| What needs to be done |
From the first line of the records below through the line with "Günlük gardırobunuzun olmazsa", output each line exactly; skip the pictures.

| Information provided |
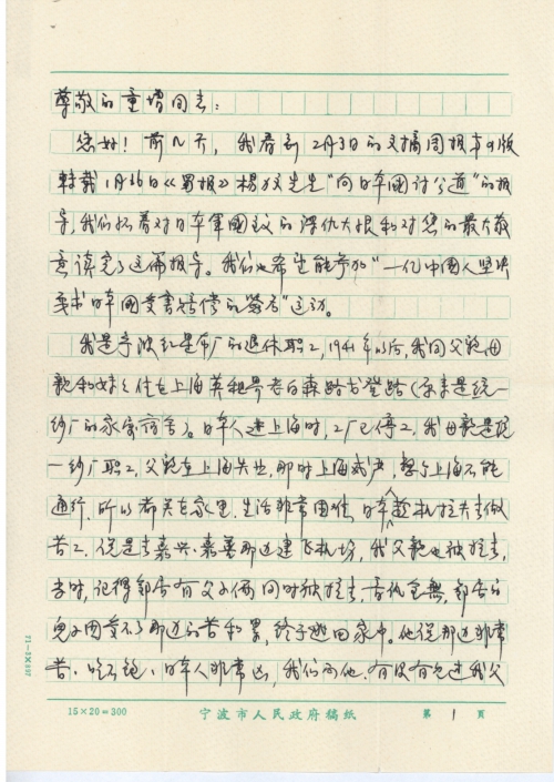 由于我当时年纪还小,母亲迫于生活,对于父亲的去向也无从过问,日本人投降后,这一大批被抓去的劳工去向以及如何被残害的?是否被送往日本?我们不得而知。这次,我们看到童增等同志发起的“向日本国要求受害赔偿”运动,使我再一次激起了对日本军国主义的无比仇恨,希望童增等同志把这一运动推进到使日本国正式谢罪和进行赔偿为止。为千千万万受苦者和被迫害的家属[伸]张正义。
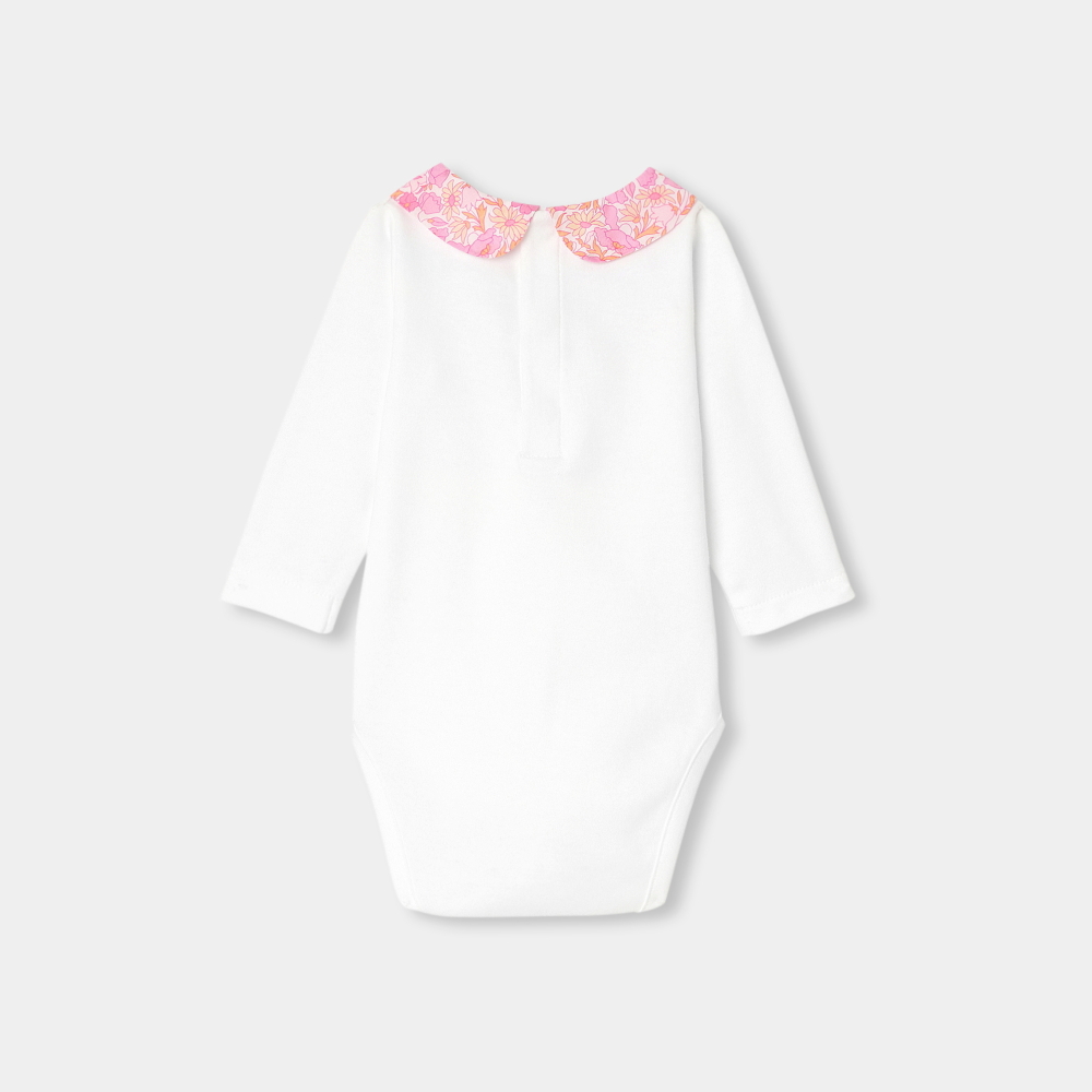 Günlük gardırobunuzun olmazsa olmazı olan bu kız bebek body, bu sezon her kıyafetin vazgeçilmezi olacak. Yumuşak ve esnek organik pamuktan üretilen klasik Peter Pan yakası, enerjik bir görünüm için Liberty kumaşla süslenmiştir. Sırt ve kasık çıtçıtlarıyla pratik ve kolay giyilebilir, kadife bir elbise veya tulumla kombinleyebilirsiniz.
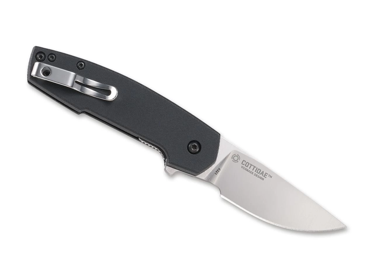 Jesper Voxnaes ließ sich bei der Gestaltung der Cottidae von Fischen inspirieren. Die dünnen Linien gehen von der Klinge aus D2-Stahl aus, die auf einem Kugellager „läuft“. Er lässt sich mit dem Flipper schnell öffnen. Der Liner Lock sichert das geöffnete Messer. Der robuste Griff ist aus Aluminium gefertigt. Dank der patentierten Field Strip Technologie kann das Messer ohne Werkzeug zerlegt und gereinigt werden. Das Messer hat einen Clip zum Tragen in der Hosentasche.
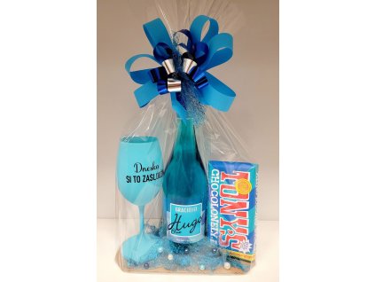 Modrý dárkový balíček s vínem Hugo Blue, čokoládou a skleničkou „Dneska si to zasloužím“ modrý dárkový set s vínem Hugo Blue, čokoládou Tony’s a vtipnou skleničkou 899 Kč
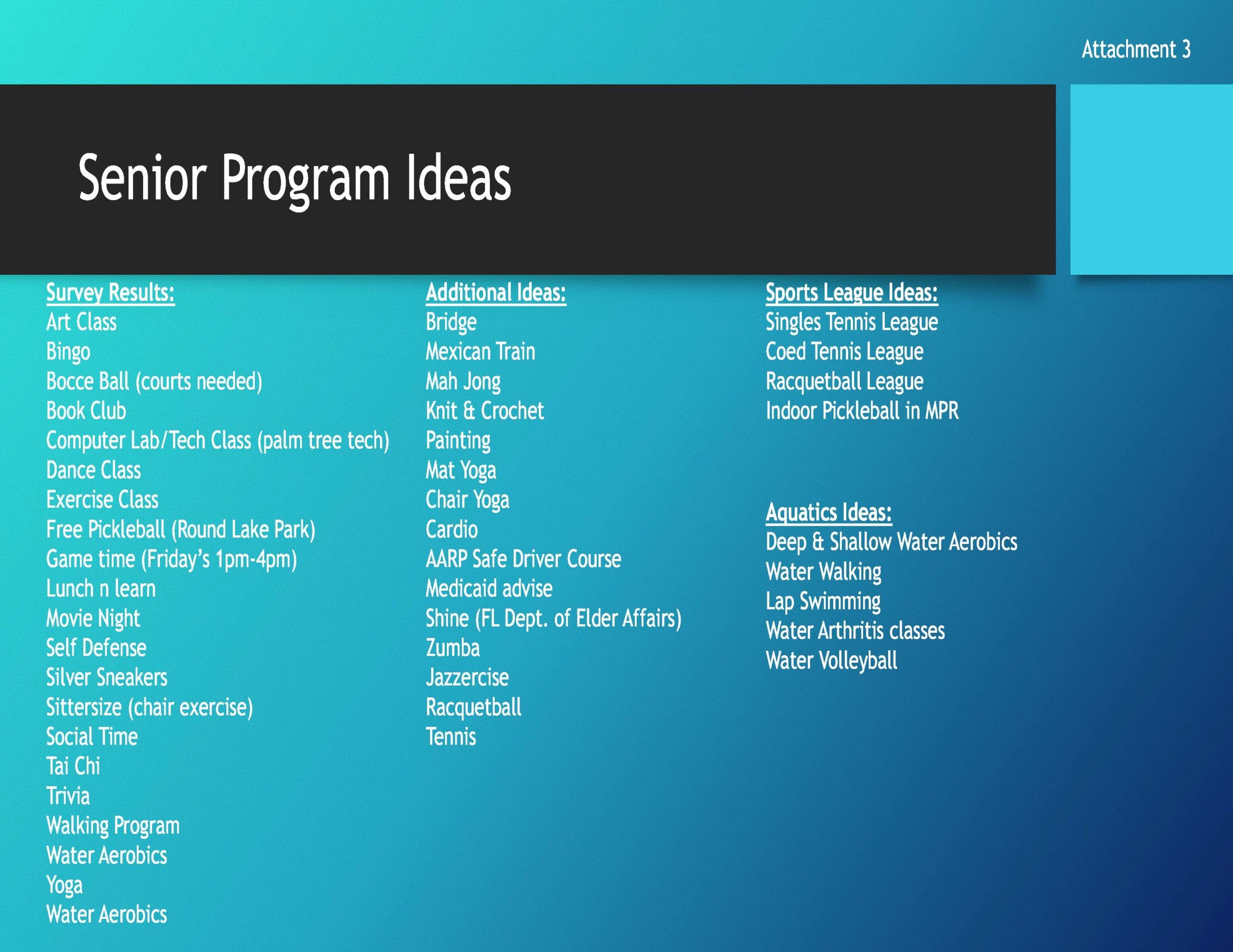 Current senior programming by the city consists of Senior Game Time, Senior Book of the Month Club and Senior Field Trips. During a July 7 meeting, staff reported that only about six to 15 seniors participate in the book club, and only four signed up for a recent field trip, which was a tour of the St. Johns River.

| Reply to the task |
 由于我当时年纪还小,母亲迫于生活,对于父亲的去向也无从过问,日本人投降后,这一大批被抓去的劳工去向以及如何被残害的?是否被送往日本?我们不得而知。这次,我们看到童增等同志发起的“向日本国要求受害赔偿”运动,使我再一次激起了对日本军国主义的无比仇恨,希望童增等同志把这一运动推进到使日本国正式谢罪和进行赔偿为止。为千千万万受苦者和被迫害的家属[伸]张正义。
 Günlük gardırobunuzun olmazsa olmazı olan bu kız bebek body, bu sezon her kıyafetin vazgeçilmezi olacak. Yumuşak ve esnek organik pamuktan üretilen klasik Peter Pan yakası, enerjik bir görünüm için Liberty kumaşla süslenmiştir. Sırt ve kasık çıtçıtlarıyla pratik ve kolay giyilebilir, kadife bir elbise veya tulumla kombinleyebilirsiniz.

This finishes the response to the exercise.